DIRECTIONS FOR THIS TASK = Beginning with the first line, return the material verbatim and without pictures.

=== SUPPLIED MATERIAL ===

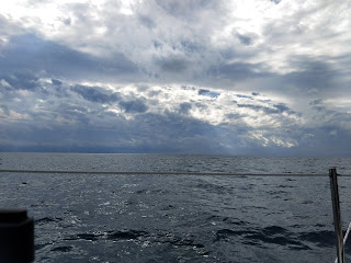 Our route is straight down the coastline with one land mass to round at Cape Canaveral. We put the sails up as soon as we were past the entrance markers and we managed to sail the whole 160 nautical miles. It did get a bit heavy in the middle of the night and we reefed in the main to slow us down. But allover it was a good fast sail, we had one concern the coast guard radio messages emitted on VHF 16 kept giving warning messages for an injured Southern Right Whale, mother with calf in the area and we were a bit worried we might hit her, it was a real possibility and well you know how your imagination can run wild....in the dark in the middle of the night in the middle of the ocean.
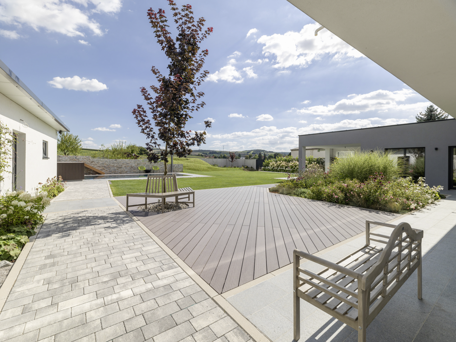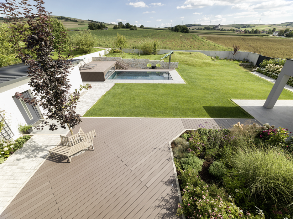 Sa kreativnim idejama i odličnim osjećajem za materijal i formu, porodica u Donjoj Austriji stvorila je svoju ličnu oazu mira: Moderna porodična kuća uklopljena je u skladan vanjski prostor. Elegantan bazen, slikovita vikendica, dječje igralište i vlastiti roštilj oduševljava svojom raznolikošću. WPC decking od UPM ProFi®, koji se koristio na obje terase, kao i za ram bazena i strukturu bazena, preuzima „vodeću ulogu“ na površinama terasa. Materijal je isporučio JAF Stockerau.
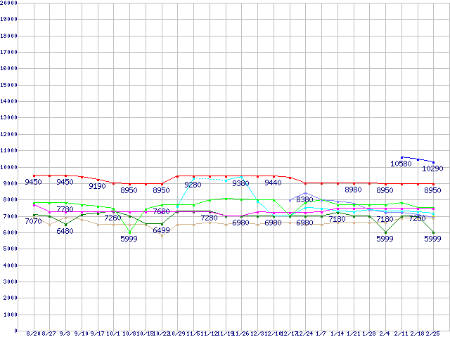 | ※製品名をクリックすると個別のグラフを表示します ※点線部は販売店が確認できなかった、または調査データがないことを示します | |

===

ANSWER SPACE =
 Our route is straight down the coastline with one land mass to round at Cape Canaveral. We put the sails up as soon as we were past the entrance markers and we managed to sail the whole 160 nautical miles. It did get a bit heavy in the middle of the night and we reefed in the main to slow us down. But allover it was a good fast sail, we had one concern the coast guard radio messages emitted on VHF 16 kept giving warning messages for an injured Southern Right Whale, mother with calf in the area and we were a bit worried we might hit her, it was a real possibility and well you know how your imagination can run wild....in the dark in the middle of the night in the middle of the ocean.
 Sa kreativnim idejama i odličnim osjećajem za materijal i formu, porodica u Donjoj Austriji stvorila je svoju ličnu oazu mira: Moderna porodična kuća uklopljena je u skladan vanjski prostor. Elegantan bazen, slikovita vikendica, dječje igralište i vlastiti roštilj oduševljava svojom raznolikošću. WPC decking od UPM ProFi®, koji se koristio na obje terase, kao i za ram bazena i strukturu bazena, preuzima „vodeću ulogu“ na površinama terasa. Materijal je isporučio JAF Stockerau.
 | ※製品名をクリックすると個別のグラフを表示します ※点線部は販売店が確認できなかった、または調査データがないことを示します | |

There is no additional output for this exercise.